**Your instructions:** The answer should contain only the lines from the beginning of the entries through the line that holds "9月30日,在新疆乌鲁木齐人", given again exactly, with no pictures.

Given information below:

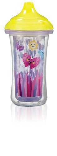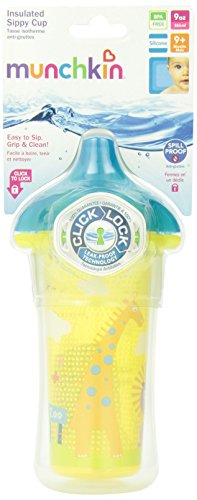 Click Lock leak-proof design. Insulated to keep drinks cool. Easy-to-clean, one-piece spill-proof valve. Top rack dishwasher safe, BPA free. 9 plus months.
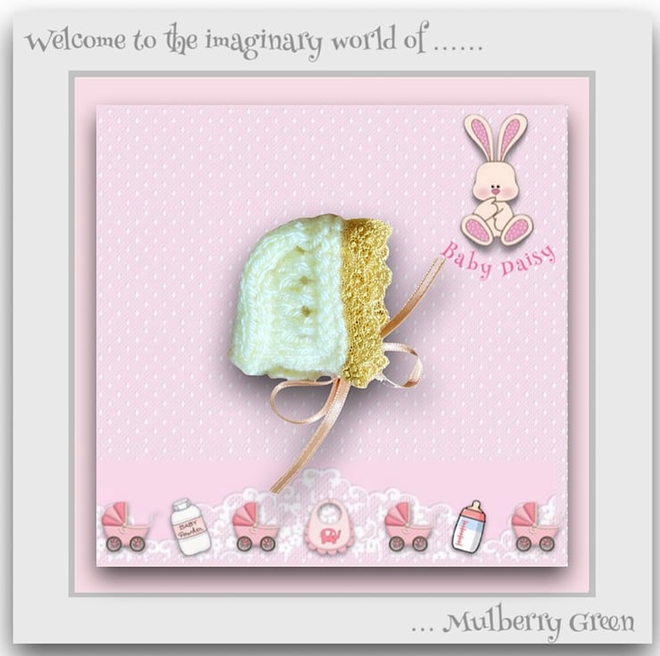 A sweet lemon bonnet trimmed with gold lace to fit baby Daisy. The bonnet is hand knitted and fastens with a gold ribbon tie.
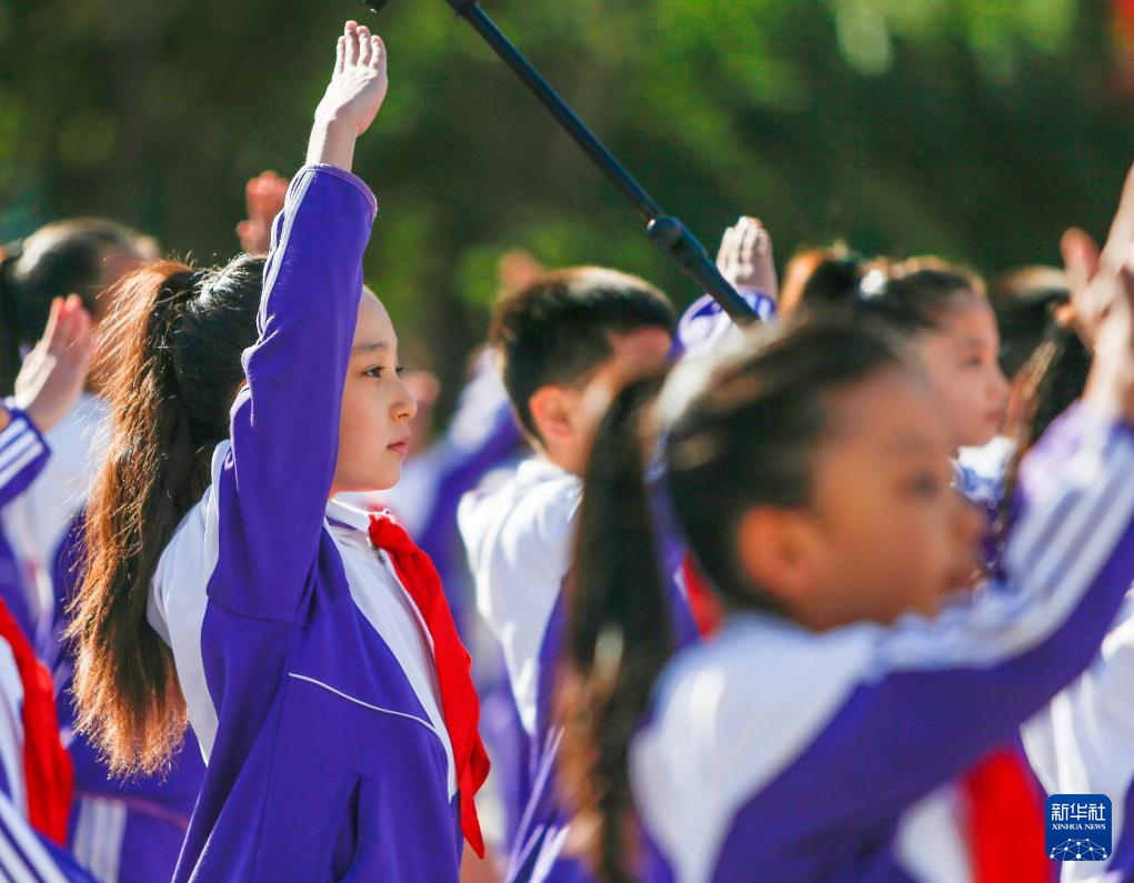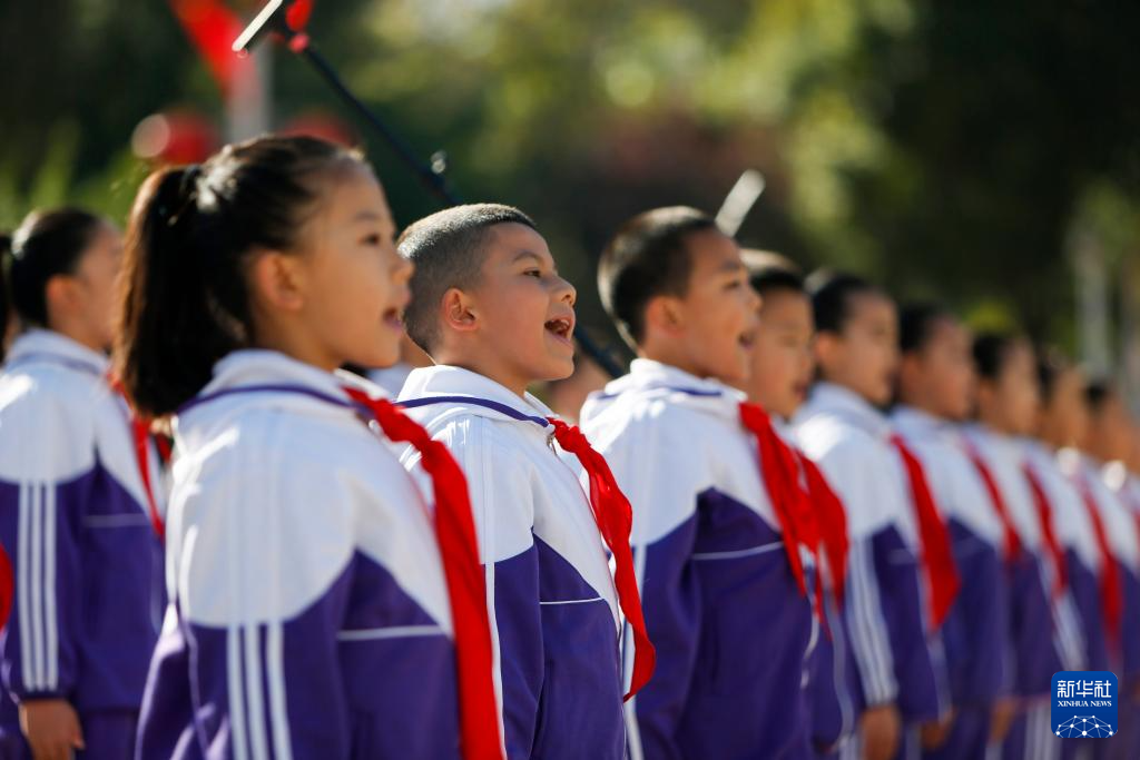 9月30日,在新疆乌鲁木齐人民广场举行的向人民英雄敬献花篮仪式上,少先队员唱响《我们是共产主义接班人》。
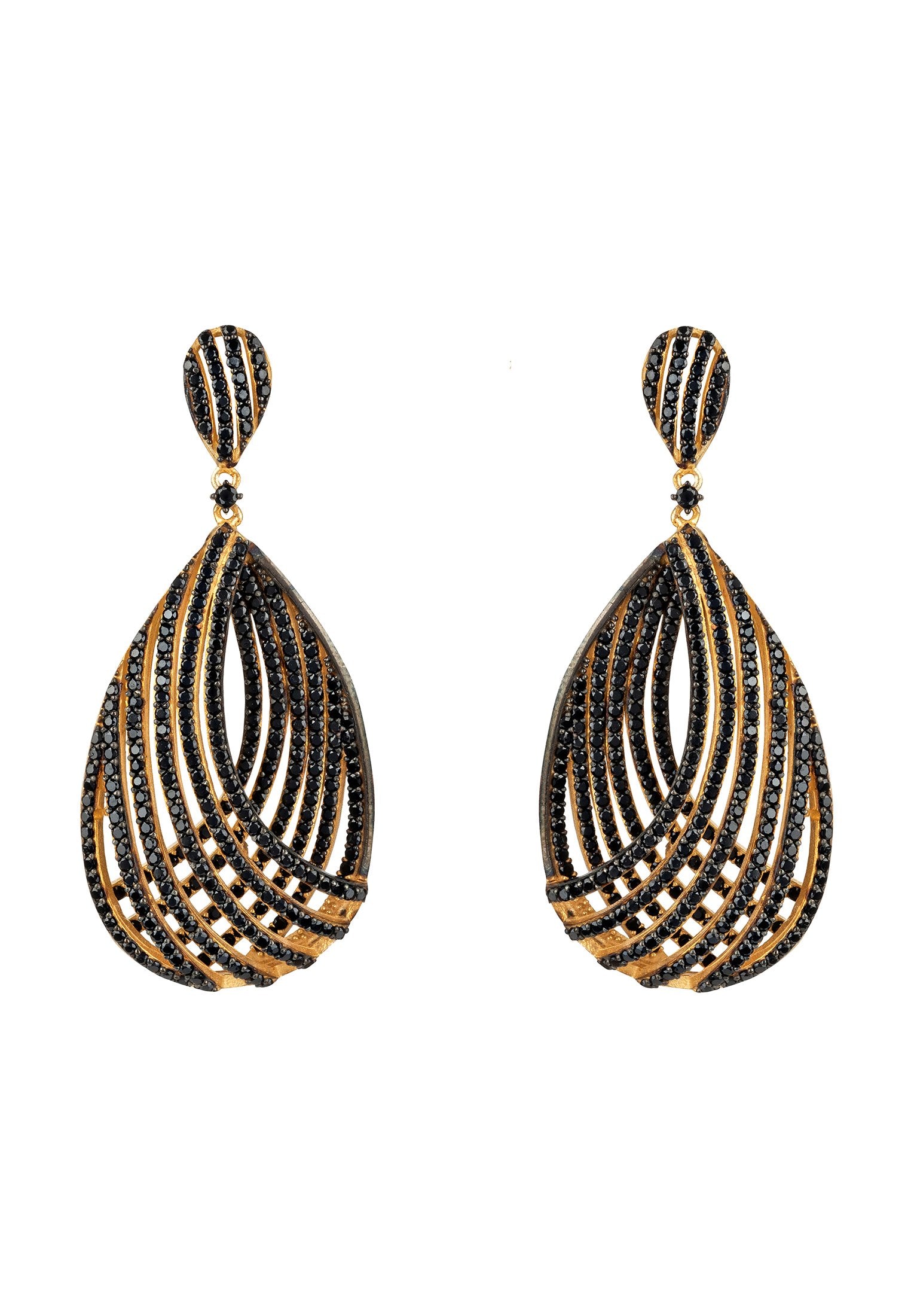 Unleash some serious sparkle, sophistication and style with the Vortex Teardrop Earrings! As an accessory that’s perfect for all special occasions. Handcrafted with 925 sterling silver that has been dipped in gold, the black zircon detailing in this hypnotic design adds undeniable flair. The three dimensional open lattice patterned teardrop will have you hypnotized with its swirling, infinite design. You won’t be able to resist dancing around as if no one is watching thanks to its suspended teardrop stud top that allows for natural movement.
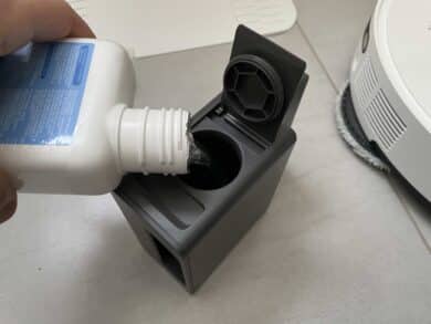 Neben der Moppwäsche trifft die Station aber noch weitere Aufgaben. So füllt sie nicht nur den Akku des Saugers, während dieser auf seinem Parkplatz steht. Darüber hinaus füllt die Station den integrierten Wassertank des Robos. Der Vorteil liegt darin, dass der smarte Haushaltshelfer seine Wischmopps selbstständig feucht halten kann. So muss er weniger oft zur Moppwäsche in die Station zurückkehren.
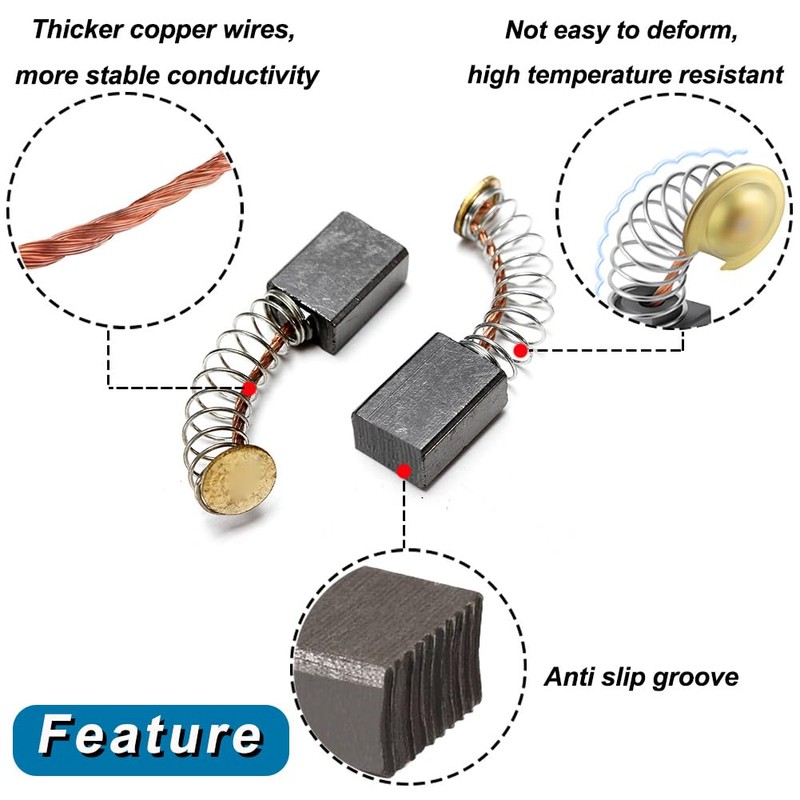 • Quality material: Electric motor carbon brushes are made of high quality graphite and copper, quenched at high temperature, with corrosion resistance, wear resistance and more stable conductivity.
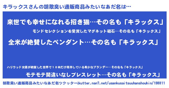 | 意味不明あだ名 | 『とにかく怪しいキラックス』 |

End of Given information.

**Solution to this problem:**
 Click Lock leak-proof design. Insulated to keep drinks cool. Easy-to-clean, one-piece spill-proof valve. Top rack dishwasher safe, BPA free. 9 plus months.
 A sweet lemon bonnet trimmed with gold lace to fit baby Daisy. The bonnet is hand knitted and fastens with a gold ribbon tie.
 9月30日,在新疆乌鲁木齐人民广场举行的向人民英雄敬献花篮仪式上,少先队员唱响《我们是共产主义接班人》。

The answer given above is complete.